Goal of the exercise → For the data that follows, print the line with "Business Checks Pink", the line with "トートバッグ レディース ショルダーバッグ", and all lines between them, exactly as they stand. Omit pictures and add nothing.

Recorded data →
--------------------------------------------------
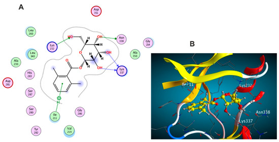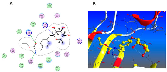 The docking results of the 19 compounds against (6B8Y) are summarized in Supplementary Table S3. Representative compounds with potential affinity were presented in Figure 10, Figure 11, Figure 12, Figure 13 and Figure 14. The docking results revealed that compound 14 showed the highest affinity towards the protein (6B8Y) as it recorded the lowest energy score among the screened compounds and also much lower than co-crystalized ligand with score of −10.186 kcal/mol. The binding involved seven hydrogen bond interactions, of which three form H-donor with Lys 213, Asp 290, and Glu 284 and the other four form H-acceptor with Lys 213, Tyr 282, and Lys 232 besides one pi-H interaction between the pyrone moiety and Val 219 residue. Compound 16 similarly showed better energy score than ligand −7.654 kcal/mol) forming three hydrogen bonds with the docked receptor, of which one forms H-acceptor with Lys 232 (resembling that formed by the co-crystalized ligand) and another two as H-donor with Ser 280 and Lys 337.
--------------------------------------------------
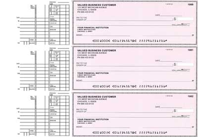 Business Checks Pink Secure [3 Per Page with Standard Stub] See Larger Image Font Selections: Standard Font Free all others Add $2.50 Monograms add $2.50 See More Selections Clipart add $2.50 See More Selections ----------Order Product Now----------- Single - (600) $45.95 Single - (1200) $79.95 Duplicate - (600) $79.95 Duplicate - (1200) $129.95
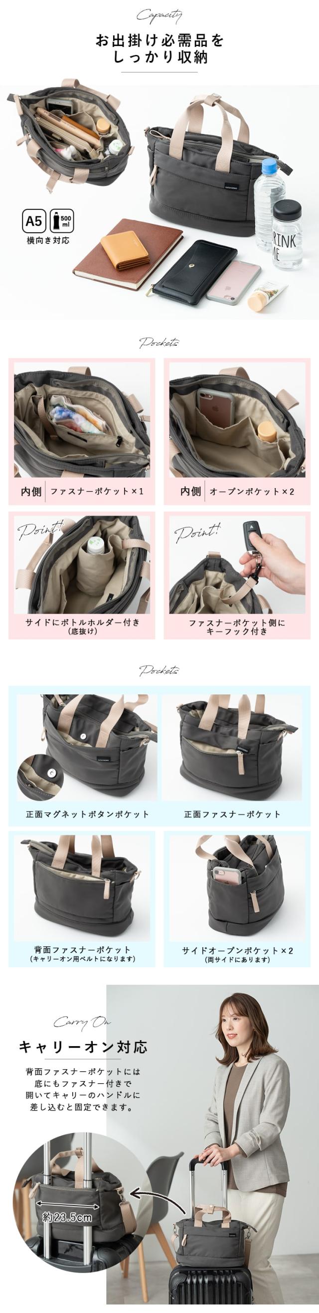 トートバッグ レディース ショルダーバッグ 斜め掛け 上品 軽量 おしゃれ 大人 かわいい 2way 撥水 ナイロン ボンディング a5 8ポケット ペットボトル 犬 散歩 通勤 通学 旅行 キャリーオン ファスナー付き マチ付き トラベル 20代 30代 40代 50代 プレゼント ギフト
--------------------------------------------------
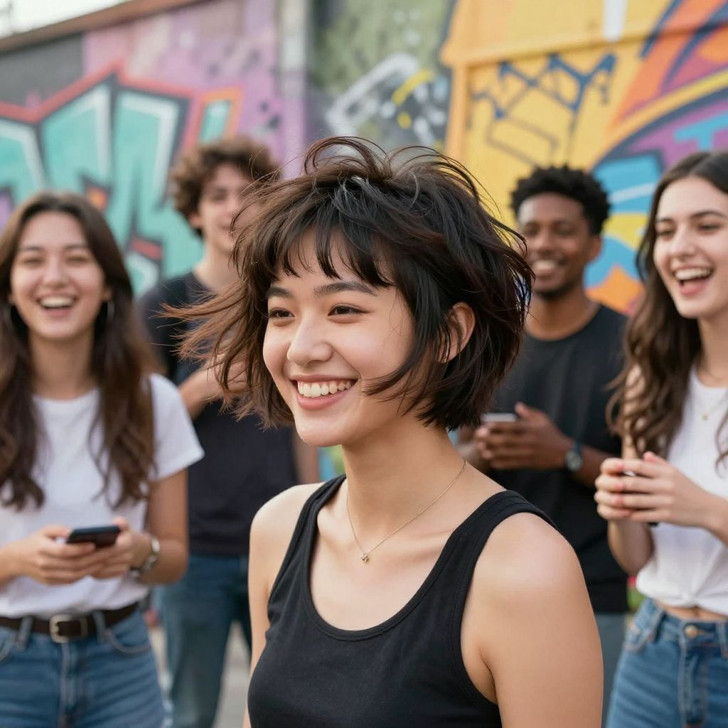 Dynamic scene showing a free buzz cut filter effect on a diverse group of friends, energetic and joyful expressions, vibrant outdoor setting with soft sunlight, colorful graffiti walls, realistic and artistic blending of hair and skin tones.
--------------------------------------------------
Exercise result →
 Business Checks Pink Secure [3 Per Page with Standard Stub] See Larger Image Font Selections: Standard Font Free all others Add $2.50 Monograms add $2.50 See More Selections Clipart add $2.50 See More Selections ----------Order Product Now----------- Single - (600) $45.95 Single - (1200) $79.95 Duplicate - (600) $79.95 Duplicate - (1200) $129.95
 トートバッグ レディース ショルダーバッグ 斜め掛け 上品 軽量 おしゃれ 大人 かわいい 2way 撥水 ナイロン ボンディング a5 8ポケット ペットボトル 犬 散歩 通勤 通学 旅行 キャリーオン ファスナー付き マチ付き トラベル 20代 30代 40代 50代 プレゼント ギフト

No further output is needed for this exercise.